As part of our ongoing studies of sulfonamides in terms of their structural features (Martins et al., 2009; Fernandes et al., 2011), in this study, the two title arylsulfonamide para-alkoxychalcones, (I) and (II), differing only in one methylene group in the para-alkoxy group on the chalcone skeleton, were synthesized and their crystal structures determined using single-crystal X-ray diffraction. This molecular difference of only one CH2 group is enough to change the crystal assembly and symmetry. Likewise, the absence of methylene in the para-alkoxy group of (I) is also related to the conformational variability observed in this compound.
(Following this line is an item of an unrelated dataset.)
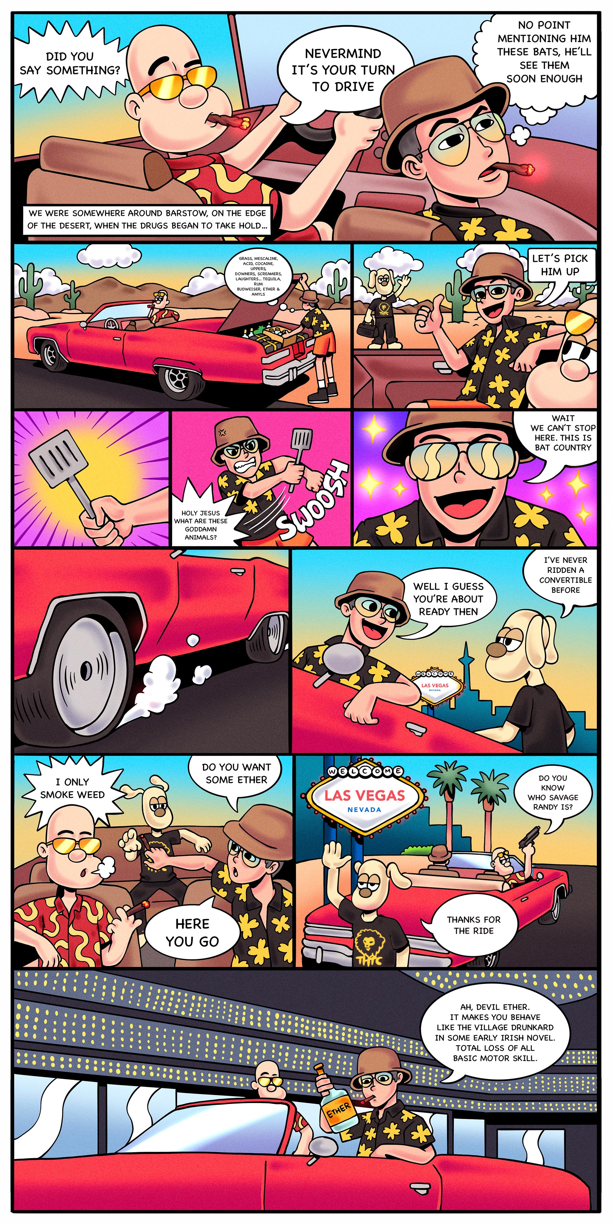 OL WALLACE TAKES A ROAD TRIP IN SEARCH OF THE AMERICAN DREAM TO THE BRIGHT LIGHTS OF LAS VEGAS WITH HIS LAWYER ON BOARD AND A BRIEFCASE FULL OF NARCOTICS, THEY CRUISE THROUGH THE BAT COUNTRY PICKING UP LIL GROMIT ALONG THE WAY BUT GET CAUGHT UP IN THE DEVIL ETHER… WHAT COULD GO WRONG?

Because of the slight molecular structure differences between (I) and (II), they crystallize in different crystal systems and space groups. While the crystal structure of (I) was solved in the centrosymmetric triclinic space group P1, with two independent molecules in the asymmetric unit, (II) crystallizes in the monoclinic space group P21/c with only one molecule in the asymmetric unit (Fig. 1).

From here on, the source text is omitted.